▶ _Your goal_: Each record that follows is to be duplicated exactly, though its pictures are not.

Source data
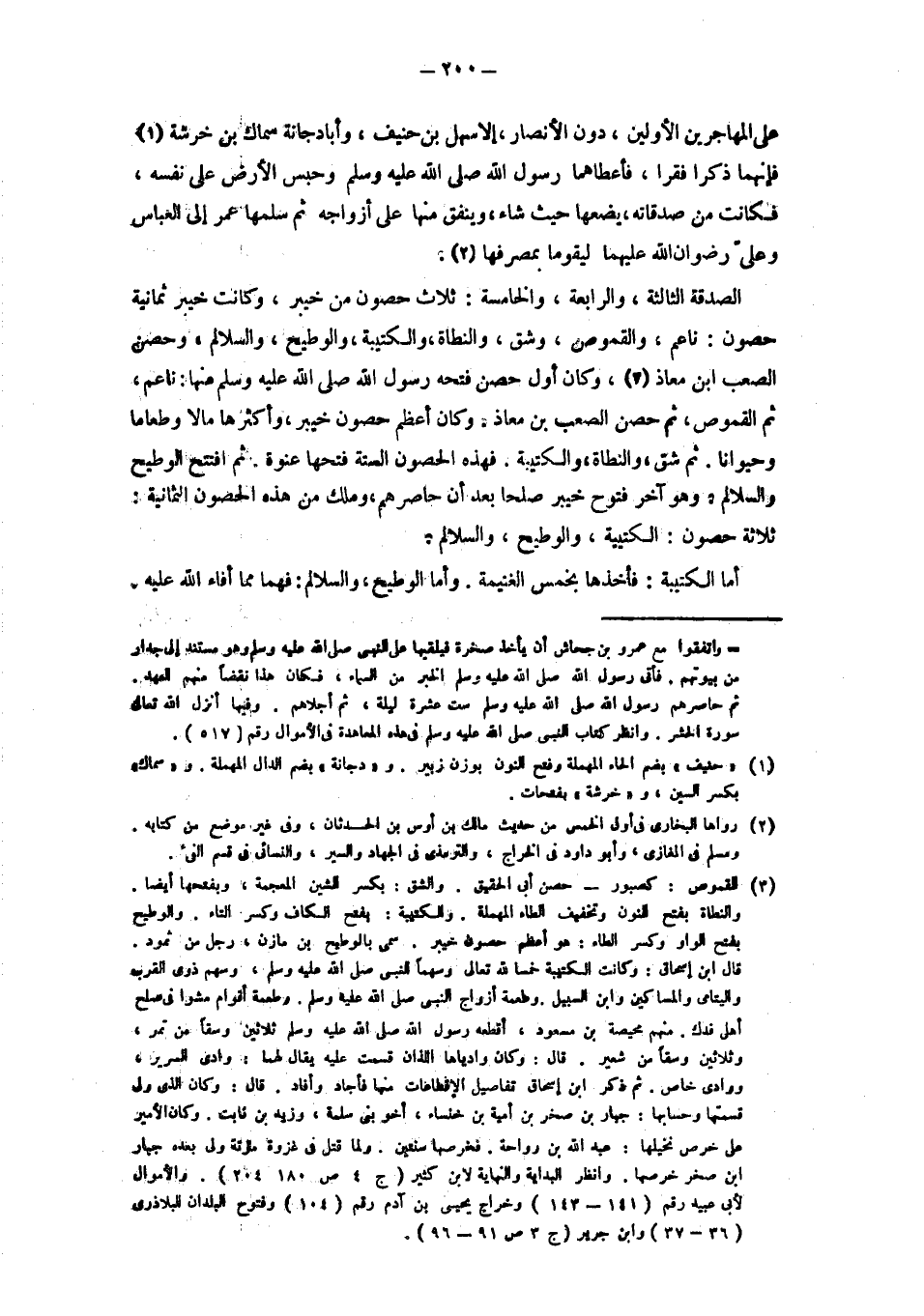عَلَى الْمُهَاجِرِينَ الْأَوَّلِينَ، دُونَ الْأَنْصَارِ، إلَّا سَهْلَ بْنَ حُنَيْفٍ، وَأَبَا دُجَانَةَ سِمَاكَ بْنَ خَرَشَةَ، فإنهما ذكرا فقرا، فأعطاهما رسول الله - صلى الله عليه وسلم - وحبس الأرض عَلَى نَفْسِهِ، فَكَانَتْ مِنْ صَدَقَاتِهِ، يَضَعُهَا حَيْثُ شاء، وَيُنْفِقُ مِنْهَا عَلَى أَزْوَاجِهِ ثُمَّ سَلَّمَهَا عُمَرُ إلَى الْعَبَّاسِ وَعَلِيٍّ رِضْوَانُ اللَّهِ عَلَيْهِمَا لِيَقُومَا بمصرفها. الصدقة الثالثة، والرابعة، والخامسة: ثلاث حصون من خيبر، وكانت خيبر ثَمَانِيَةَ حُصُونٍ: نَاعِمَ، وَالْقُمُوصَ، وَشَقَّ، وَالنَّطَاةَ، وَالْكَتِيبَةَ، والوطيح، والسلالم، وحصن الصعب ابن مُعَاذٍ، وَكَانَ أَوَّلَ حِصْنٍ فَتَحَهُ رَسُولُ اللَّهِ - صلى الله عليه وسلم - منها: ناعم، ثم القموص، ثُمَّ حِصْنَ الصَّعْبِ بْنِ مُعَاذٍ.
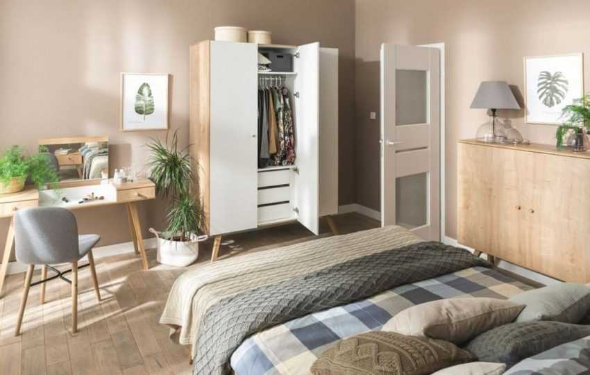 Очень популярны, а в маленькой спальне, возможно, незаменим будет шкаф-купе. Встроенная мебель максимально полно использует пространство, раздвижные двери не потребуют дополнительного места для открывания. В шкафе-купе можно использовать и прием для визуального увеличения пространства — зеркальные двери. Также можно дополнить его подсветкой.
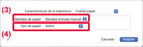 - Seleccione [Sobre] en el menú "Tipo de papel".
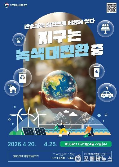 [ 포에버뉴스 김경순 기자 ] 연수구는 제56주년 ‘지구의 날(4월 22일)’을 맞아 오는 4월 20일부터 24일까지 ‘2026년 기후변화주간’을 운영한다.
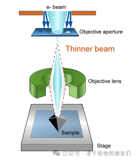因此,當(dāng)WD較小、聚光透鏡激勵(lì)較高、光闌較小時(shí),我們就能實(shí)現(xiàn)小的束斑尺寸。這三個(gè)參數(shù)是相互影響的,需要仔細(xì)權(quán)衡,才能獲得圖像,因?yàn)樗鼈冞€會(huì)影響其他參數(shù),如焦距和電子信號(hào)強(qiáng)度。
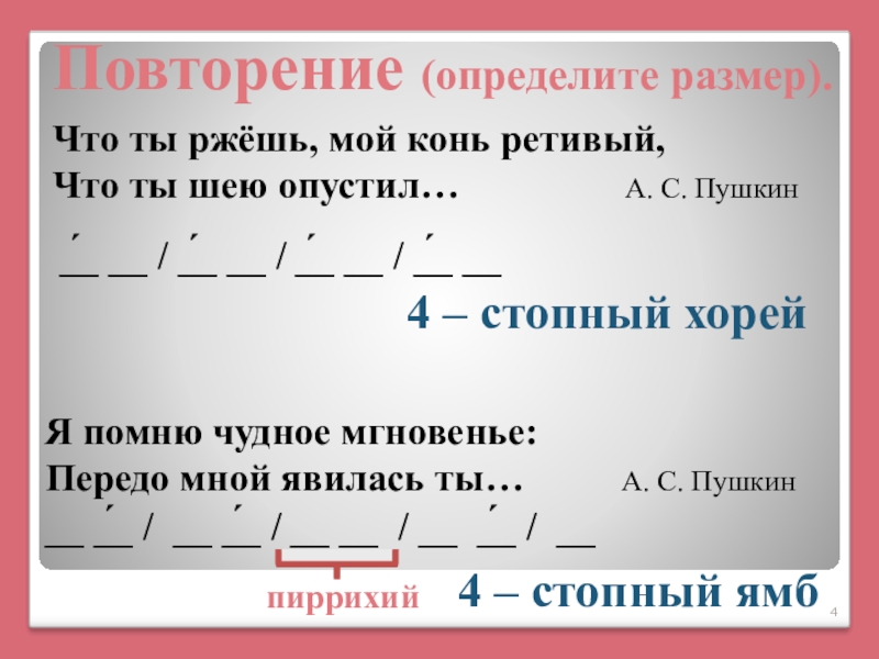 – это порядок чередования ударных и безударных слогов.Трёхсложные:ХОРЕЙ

▶ _Answer to this exercise_:
عَلَى الْمُهَاجِرِينَ الْأَوَّلِينَ، دُونَ الْأَنْصَارِ، إلَّا سَهْلَ بْنَ حُنَيْفٍ، وَأَبَا دُجَانَةَ سِمَاكَ بْنَ خَرَشَةَ، فإنهما ذكرا فقرا، فأعطاهما رسول الله - صلى الله عليه وسلم - وحبس الأرض عَلَى نَفْسِهِ، فَكَانَتْ مِنْ صَدَقَاتِهِ، يَضَعُهَا حَيْثُ شاء، وَيُنْفِقُ مِنْهَا عَلَى أَزْوَاجِهِ ثُمَّ سَلَّمَهَا عُمَرُ إلَى الْعَبَّاسِ وَعَلِيٍّ رِضْوَانُ اللَّهِ عَلَيْهِمَا لِيَقُومَا بمصرفها. الصدقة الثالثة، والرابعة، والخامسة: ثلاث حصون من خيبر، وكانت خيبر ثَمَانِيَةَ حُصُونٍ: نَاعِمَ، وَالْقُمُوصَ، وَشَقَّ، وَالنَّطَاةَ، وَالْكَتِيبَةَ، والوطيح، والسلالم، وحصن الصعب ابن مُعَاذٍ، وَكَانَ أَوَّلَ حِصْنٍ فَتَحَهُ رَسُولُ اللَّهِ - صلى الله عليه وسلم - منها: ناعم، ثم القموص، ثُمَّ حِصْنَ الصَّعْبِ بْنِ مُعَاذٍ.
 Очень популярны, а в маленькой спальне, возможно, незаменим будет шкаф-купе. Встроенная мебель максимально полно использует пространство, раздвижные двери не потребуют дополнительного места для открывания. В шкафе-купе можно использовать и прием для визуального увеличения пространства — зеркальные двери. Также можно дополнить его подсветкой.
 - Seleccione [Sobre] en el menú "Tipo de papel".
 [ 포에버뉴스 김경순 기자 ] 연수구는 제56주년 ‘지구의 날(4월 22일)’을 맞아 오는 4월 20일부터 24일까지 ‘2026년 기후변화주간’을 운영한다.
因此,當(dāng)WD較小、聚光透鏡激勵(lì)較高、光闌較小時(shí),我們就能實(shí)現(xiàn)小的束斑尺寸。這三個(gè)參數(shù)是相互影響的,需要仔細(xì)權(quán)衡,才能獲得圖像,因?yàn)樗鼈冞€會(huì)影響其他參數(shù),如焦距和電子信號(hào)強(qiáng)度。
 – это порядок чередования ударных и безударных слогов.Трёхсложные:ХОРЕЙ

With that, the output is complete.